Have you ever seen a tree on a slope? The soil beneath it slowly creeps downhill, and the tree’s trunk curves at the base as it grows upward, leaving an awkward spine formed from instability. Much the same is the current state of the U.S. Environmental Protection Agency (EPA), being bent out of shape as the Trump Administration swipes the rug out from beneath it. Just like the tree trying to straighten itself out again, the impact of these attacks will remain visible and debilitating long after the fact.
There are many ways that the Trump Administration has been trying to disarm our nation’s main authority over the environment. The EPA has been severely curtailed, reducing its employment from over 16,000 to around 12,500. It has also proposed to shut down the Office of Research and Development and ceased some of its most critical functions, like monitoring carbon emissions from polluting facilities or considering human health benefits in their economic analysis of pollution limits. This is not to mention the EPA administrator Lee Zeldin’s staunch plans to repeal The Endangerment Finding, which found in the first place that climate change is a human health threat. It is true that a lot of these actions have only been proposed, and the federal rulemaking process is a lengthy one, and it’s possible that they still won’t be in place by the time Trump’s second term ends. However, federal rules don’t seem to mean much to Trump, so really, anything is possible. More importantly, though, there is great damage done by the mere suggestion of such ideas.
Now, this isn’t the first time that a president has majorly overhauled his predecessor’s environmental policy. President Carter was a pioneer in forward-thinking environmental policy, building up the EPA in its infancy. Even in the 1980s, Carter grasped the direness of correcting errors like our unrestrained consumption of fossil fuels, and had his vision been appreciated back then, we might be living in a very different country. Maybe, for example, we would have lived up to his plan that solar energy would make up 20% of our energy usage by the year 2000. Yet when he left office, President Reagan slashed his efforts.
In some ways, we managed to recover from that setback and move forward in Carter’s example. Yet Trump’s pillage on environmentalism in America has not occurred in a vacuum. He has been capitalizing on cultural disdain for environmental protections that has long existed in America. It’s worth asking whether a tide of unprecedented and unrestrained environmental exploitation is being unleashed, whether a sleeping giant is being awoken.

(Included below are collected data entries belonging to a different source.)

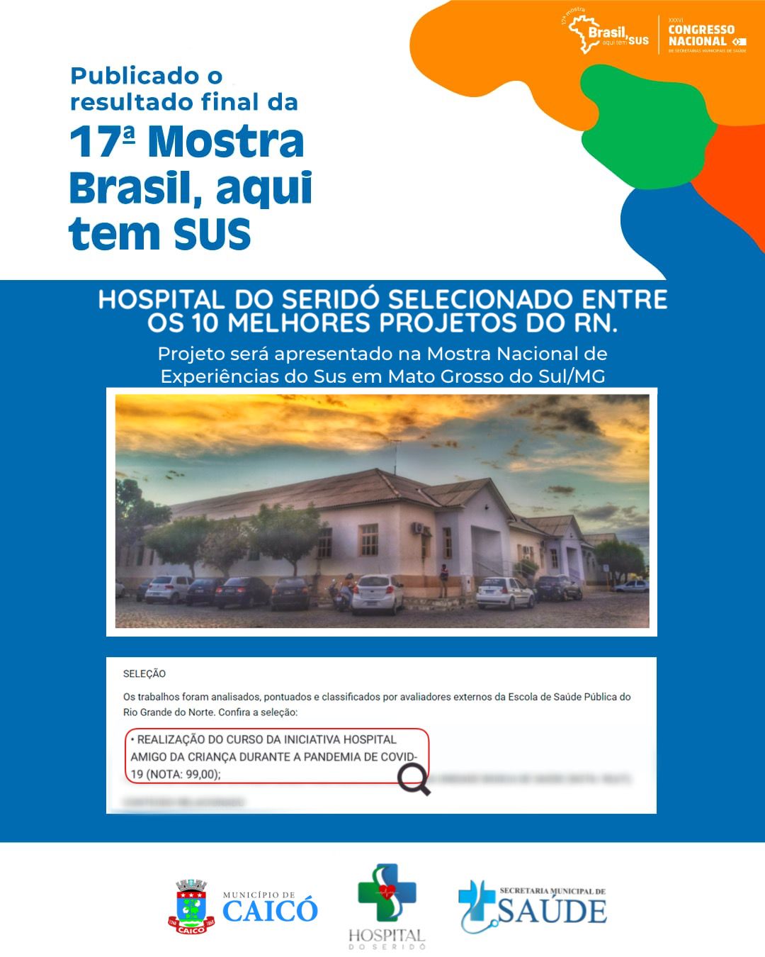 O Conselho de Secretarias Municipais de Saúde do Rio Grande do Norte (Cosems-RN) divulgou, nesta sexta-feira (20), a relação das 10 experiências potiguares exitosas selecionadas para a 17ª Mostra “Brasil, aqui tem SUS”..A cidade de Caicó foi selecionada com a experiência da ‘Realização do Curso da Iniciativa Hospital Amigo da Criança Durante a Pandemia de Covid-19’ com nota 99,00. O trabalho foi escrito pela equipe do Banco de Leite e direção do Hospital do Seridó..O prefeito de Caicó, Dr. Tadeu, que é médico, falou sobre a classificação: “é o reconhecimento de um trabalho que, na prática, já deu resultado e beneficiou a população. O SUS funciona e Caicó sabe disso. Parabenizo Evaneide Nóbrega, nossa secretária de saúde, Gedson Santos, diretor do Hospital do Seridó, dedicados ao que fazem, e toda equipe do Banco de Leite. Como prefeito, eu não poderia estar mais satisfeito em ver o Hospital do Seridó se tornar essa referência”, afirmou.A secretária de saúde, Evaneide Nóbrega, afirmou: “para nós é motivo de muita alegria e gratidão a Deus, pois essa seleção representa o reconhecimento do trabalho que nós estamos desenvolvendo na gestão Dr Tadeu e Toinho. Gedson ama o que faz, se dedica com todo amor e carinho nas ações que envolvem a maternidade, a ele e toda equipe todos os aplausos. O Congresso Nacional de Secretarias Municipais de Saúde irá acontecer em Julho e o Brasil estará vendo o trabalho que nós estamos desenvolvendo em Caicó para fortalecer as ações da saúde da mulher e da criança em nosso município”..A Mostra acontecerá durante o XXXVI Congresso Conasems, que será realizado entre 12 a 15 de julho, em Campo Grande, Mato Grosso do Sul. E Caicó vai estar representado.
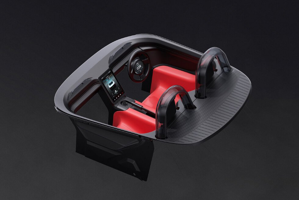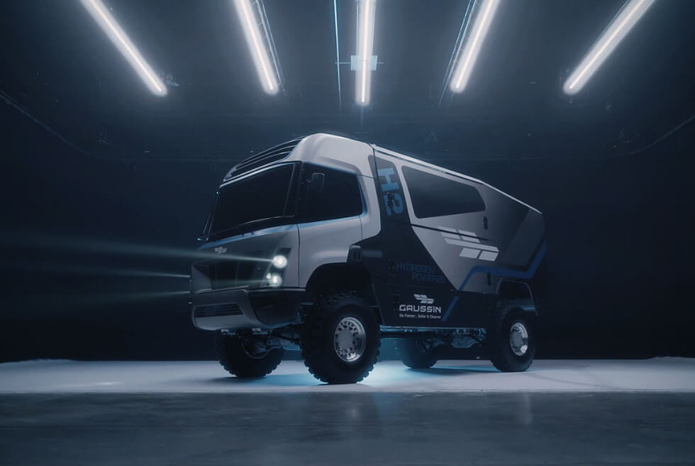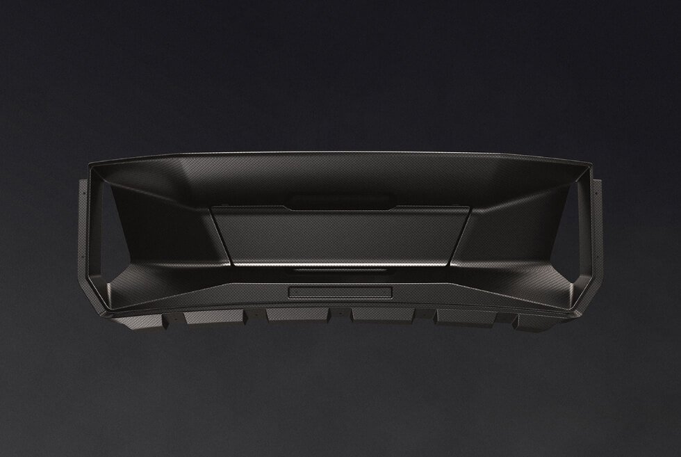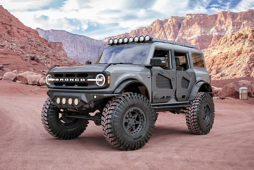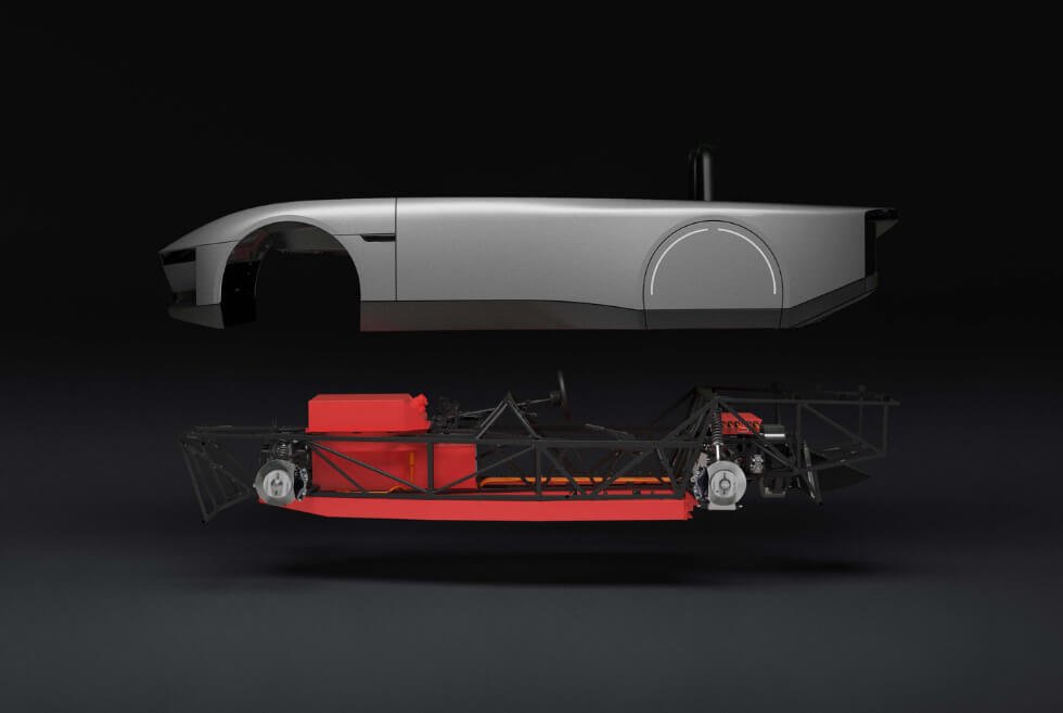 The vehicle’s exterior features a low-slung front end with hidden headlights and an aggressive grille design. It also has wide fenders, large rear tires, and dual tailpipes in the back.
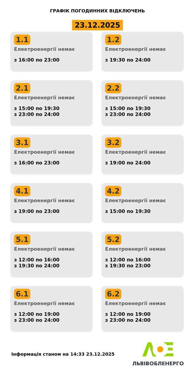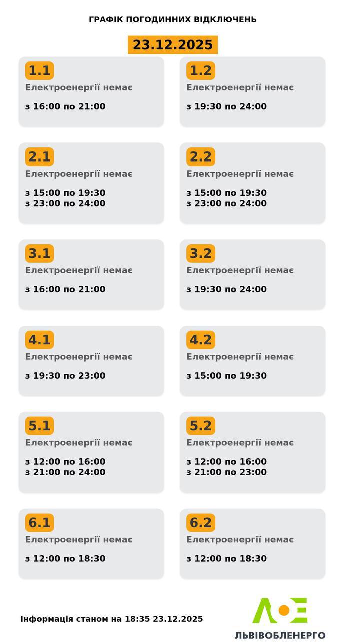 Зазначимо, за розпорядженням НЕК “Укренерго” через значний дефіцит потужності протягом доби у Львові та області буде застосовано погодинні відключення.
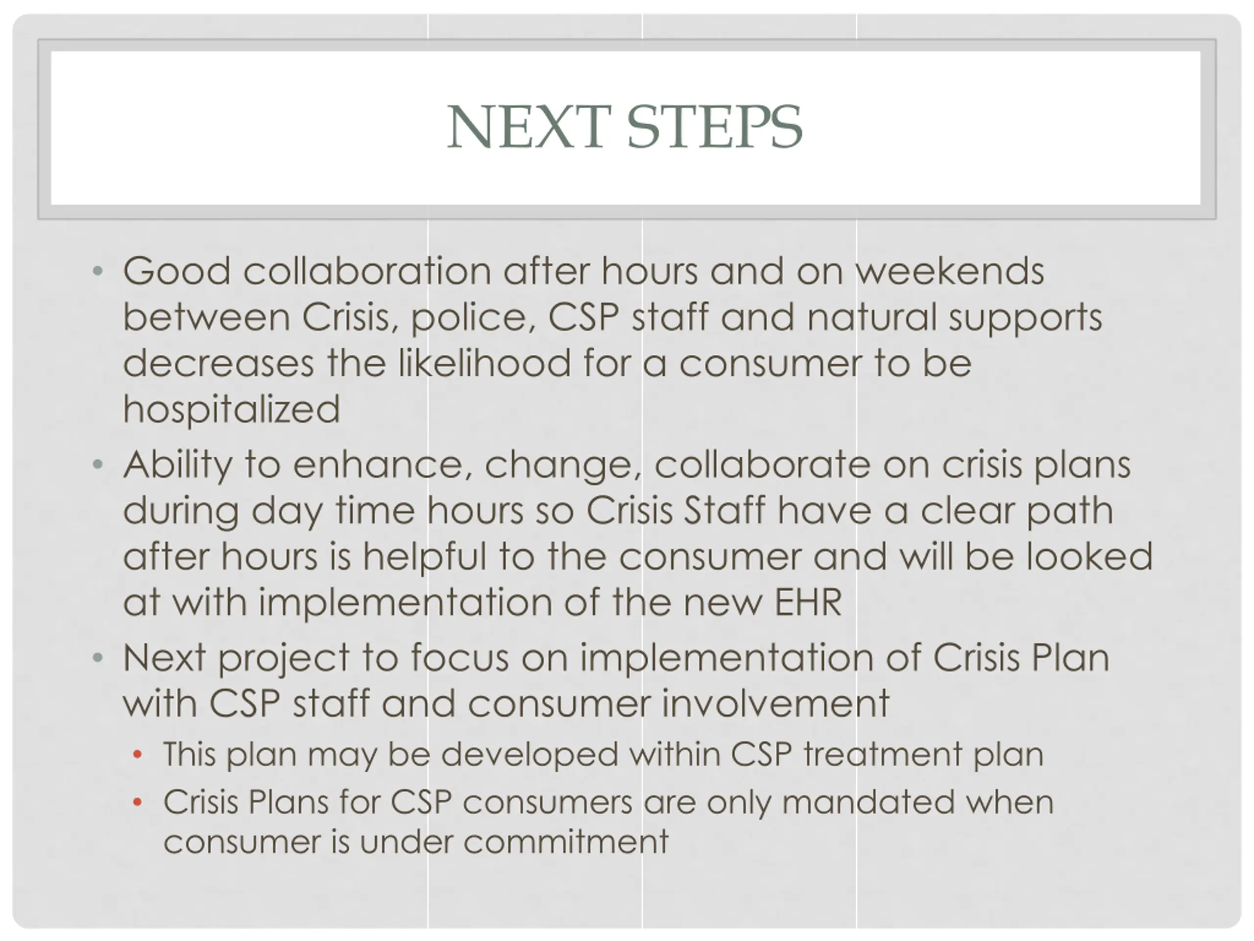 NEXT STEPS Good collaboration after hours and on weekends between Crisis, police, CSP staff and natural supports decreases the likelihood for a consumer to be hospitalized Ability to enhance, change, collaborate on crisis plans during day time hours so Crisis Staff have a clear path after hours is helpful to the consumer and will be looked at with implementation of the new EHR Next project to focus on implementation of Crisis Plan with CSP staff and consumer involvement This plan may be developed within CSP treatment plan Crisis Plans for CSP consumers are only mandated when consumer is under commitment

The EPA’s authority is deteriorating as it threatens to do away with longstanding, science-based research and policy. Its strength as a regulating organization starts to slip away when all the missions it has held for decades — things like valuing human health — are forfeited. As The EPA turns its loyalty away from the pursuit of science and public health of the nation to instead service the ephemeral whims of our president, its integrity too slips away. But perhaps the most disappointing part is that the agency is falling from within, sabotaged by the leaders Trump appointed. It’s not an external force ruling against The EPA anymore; The EPA is ruling against itself.
What happens if nature loses its guardian when it needs one more than ever? With the UN projecting in November of last year that we are on track to overshoot the Paris Agreement’s goal for limiting global warming, the situation is even more dire than before. Simply put, we don’t have time for this setback, for more rollbacks and inaction. Trump’s disruption of EPA should not be taken lightly, because the next few years are not fungible in the face of rapid climate change; the future desperately depends on our actions now.